> [Source material]:
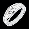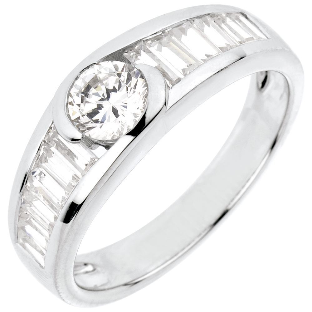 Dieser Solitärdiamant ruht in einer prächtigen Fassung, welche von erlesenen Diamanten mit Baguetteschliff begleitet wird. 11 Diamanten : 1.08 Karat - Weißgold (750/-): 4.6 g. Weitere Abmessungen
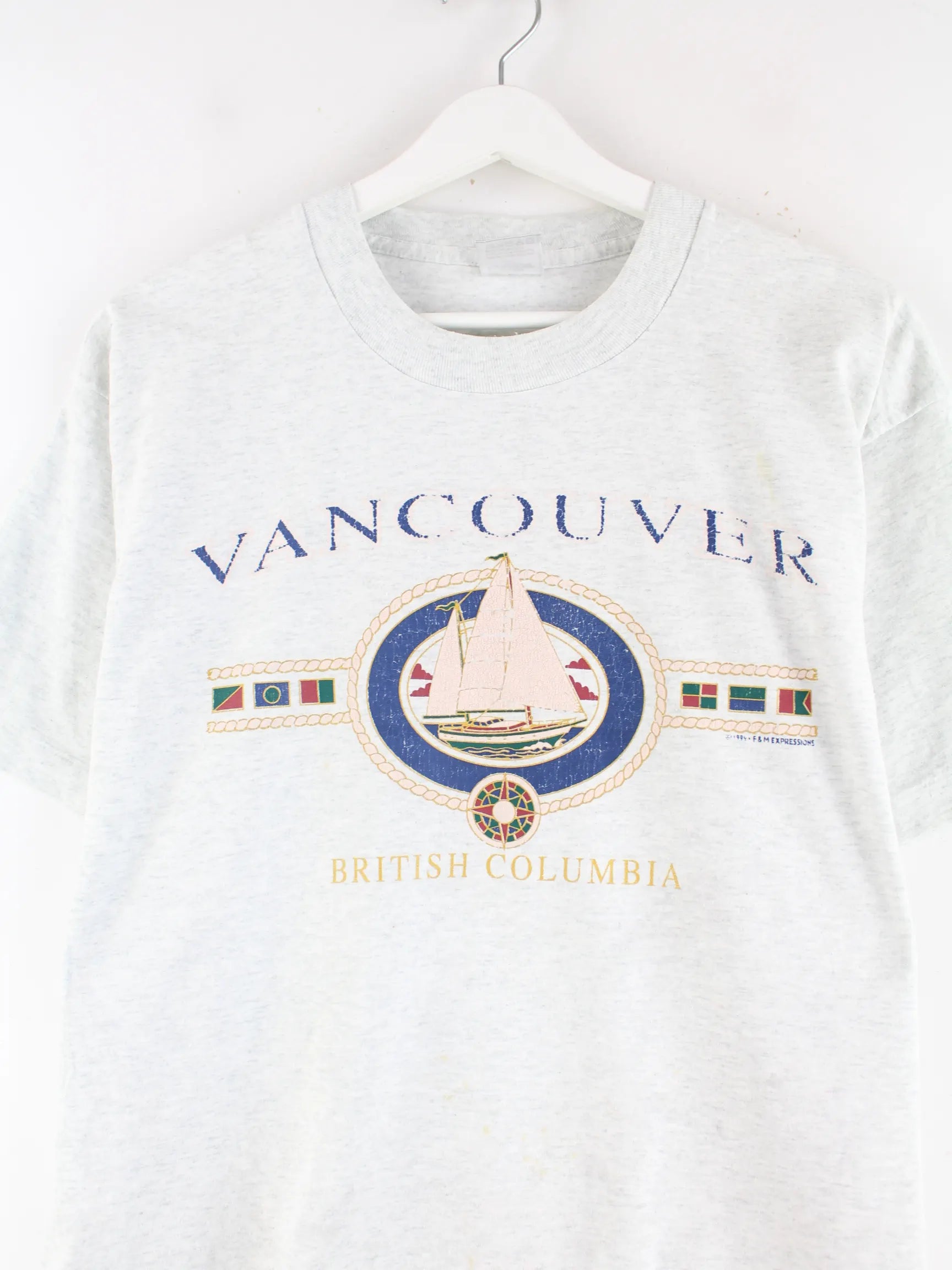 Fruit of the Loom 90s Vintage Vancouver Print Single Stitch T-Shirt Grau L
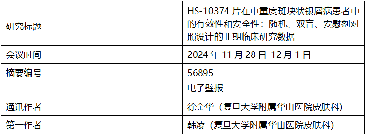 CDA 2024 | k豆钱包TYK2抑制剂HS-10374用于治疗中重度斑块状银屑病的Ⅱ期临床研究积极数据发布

> [Task description]:
Give again, word for word, every line from the top of the data through the line with "Fruit of the", both ends included, and exclude the pictures.

> [Response box]:
 Dieser Solitärdiamant ruht in einer prächtigen Fassung, welche von erlesenen Diamanten mit Baguetteschliff begleitet wird. 11 Diamanten : 1.08 Karat - Weißgold (750/-): 4.6 g. Weitere Abmessungen
 Fruit of the Loom 90s Vintage Vancouver Print Single Stitch T-Shirt Grau L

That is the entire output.